Acinetobacter calcoaceticus-baumannii complex (Acb) is a Gram-negative non-fermenting bacillus which has been associated with healthcare-associated infections worldwide, especially in critically ill patients. Its ability to acquire resistance to antimicrobials represents one of the major issues in its management [1].
The 2021 EARS-Net surveillance reported a high geographic variability in resistance among Acinetobacter species. The Baltic countries and Southern and South-Eastern Europe showed the highest prevalence of carbapenem resistance. In addition, a growing number of cases of Acinetobacter spp. infections have been reported in Europe recently, with a 43% increased prevalence from 2020 to 2021 [2].

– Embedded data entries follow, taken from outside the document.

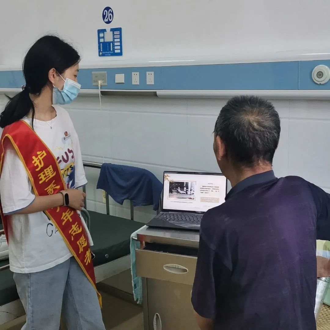 7月6日,护理学院梦飞天使志愿服务队正式启程,抵达南平市浦城县。次日,实践队通过宣讲疫情防控知识、测量体温等方式,助力浦城县中医院疫情防控工作,并于下午开展红色故事宣讲会。在现场,志愿者们通过演示文稿、手机视频等新模式与医院患者现场互动,宣讲党的光辉历程、中国共产党党员英雄事迹。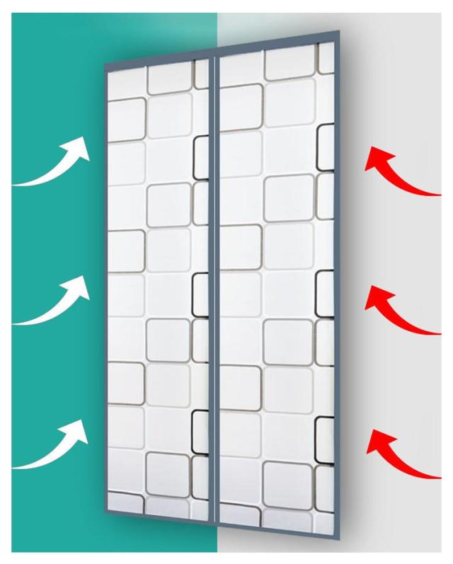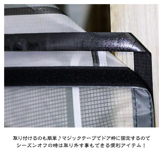 | 夏場はクーラーで冷えた空気を、冬場はストーブで暖まった空気を、部屋の外に逃がさない磁石の力で閉まる間仕切りカーテンです。 EVA素材なので、長期間の使用しても裂けることなく。 採光性がよいので、部屋の明るさを保ちます。 部屋のドアを開けておきたいペットのいるご家庭にオススメです! 取り付けるのも簡単♪マジックテープでドア枠に固定するので、シーズンオフの時は取り外す事もできる便利アイテム! | |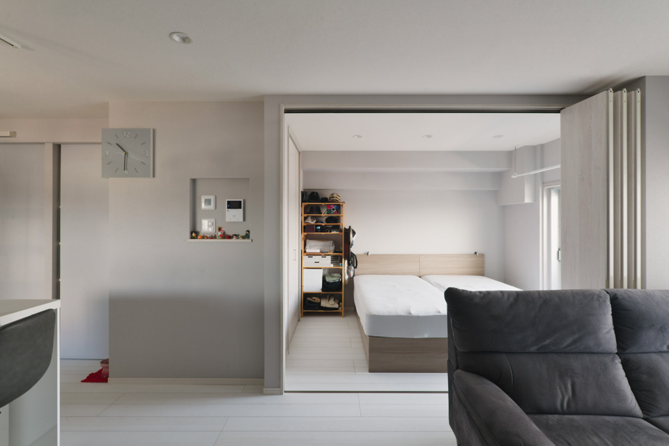 2LDKの間取り構成は変えることなく、限られた空間でLDKを広く確保するために、リビング空間をバルコニー側へ配置を変え、対面キッチンも実現しました。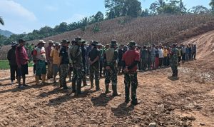 Pasiter Kodim 0424/Tanggamus Lettu Inf Jumiran saat mengambil Apel Pagi Anggota Satgas dan masyarakat mengatakan, Semua program TMMD ke-121 terus dikebut pekerjaannya, sebelum penutupan TMMD.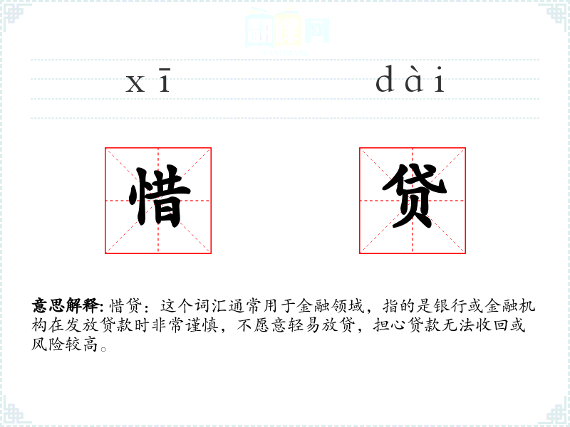惜贷:这个词汇通常用于金融领域,指的是银行或金融机构在发放贷款时非常谨慎,不愿意轻易放贷,担心贷款无法收回或风险较高。

A global survey conducted between 2004 and 2014 showed that A. baumannii is the microorganism most frequently exhibiting a multi-drug resistance (MDR) pattern, up to 64% in 2014 [3]. Similarly, the latest European Centre for Diseases Prevention and Control (ECDC) annual epidemiological report on antimicrobial resistance describes a combined resistance to fluoroquinolones, aminoglycosides and carbapenems in 36.8% of cases across Europe in 2021, far above the combined resistance rate of Escherichia coli, Klebsiella pneumoniae, Pseudomonas aeruginosa, Staphylococcus aureus and Enterococcus faecium [2]. The resistance pattern prompted the World Health Organization WHO in 2017 to list carbapenem-resistant A. baumannii (CRAB) among the major pathogens with critical priority for research and development [4]. A recent observational study found no difference in terms of outcome between CRAB and colistin-only-susceptible A. baumannii respiratory infections [5].

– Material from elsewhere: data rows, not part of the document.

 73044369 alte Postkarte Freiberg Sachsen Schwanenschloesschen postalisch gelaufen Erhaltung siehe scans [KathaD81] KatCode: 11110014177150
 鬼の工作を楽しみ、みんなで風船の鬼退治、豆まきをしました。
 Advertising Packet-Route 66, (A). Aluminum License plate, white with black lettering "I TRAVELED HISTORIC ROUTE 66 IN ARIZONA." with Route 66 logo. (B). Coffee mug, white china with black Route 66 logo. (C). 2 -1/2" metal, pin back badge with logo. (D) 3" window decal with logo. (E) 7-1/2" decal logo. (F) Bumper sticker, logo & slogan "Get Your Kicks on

Five pathogenic species of the Acb (Acinetobacter baumannii, Acinetobacter nosocomialis, Acinetobacter pittii, Acinetobacter seifertii and Acinetobacter dijkshoorniae) have been identified, but—given the limited possibility of many laboratories to precisely distinguish species of the calcoaceticus-baumannii complex—for the purposes of this review we will use the designation A. baumannii, unless otherwise stated, in the broad sense to encompass all pathogenic members of the Acb complex. To note, A. baumannii sensu strictu was found associated with higher severity and mortality in nosocomial pneumonia with secondary bloodstream infection [6].

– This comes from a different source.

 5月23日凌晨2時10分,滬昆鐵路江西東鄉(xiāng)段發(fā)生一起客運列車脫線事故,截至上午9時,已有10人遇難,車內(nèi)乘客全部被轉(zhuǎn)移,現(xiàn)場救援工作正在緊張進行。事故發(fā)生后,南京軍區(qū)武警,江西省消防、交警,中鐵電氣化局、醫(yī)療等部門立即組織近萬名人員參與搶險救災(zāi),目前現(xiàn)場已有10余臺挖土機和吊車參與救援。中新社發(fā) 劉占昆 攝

A. baumannii was initially considered a commensal opportunist, a low-virulence pathogen of little significance. The growing diffusion of invasive mechanical ventilation, the ubiquitarian use of central venous and urinary catheters, and the extensive administration of antibacterial therapy in critically ill patients favoured the surge of A. baumannii infections in terms of both severity and frequency [7].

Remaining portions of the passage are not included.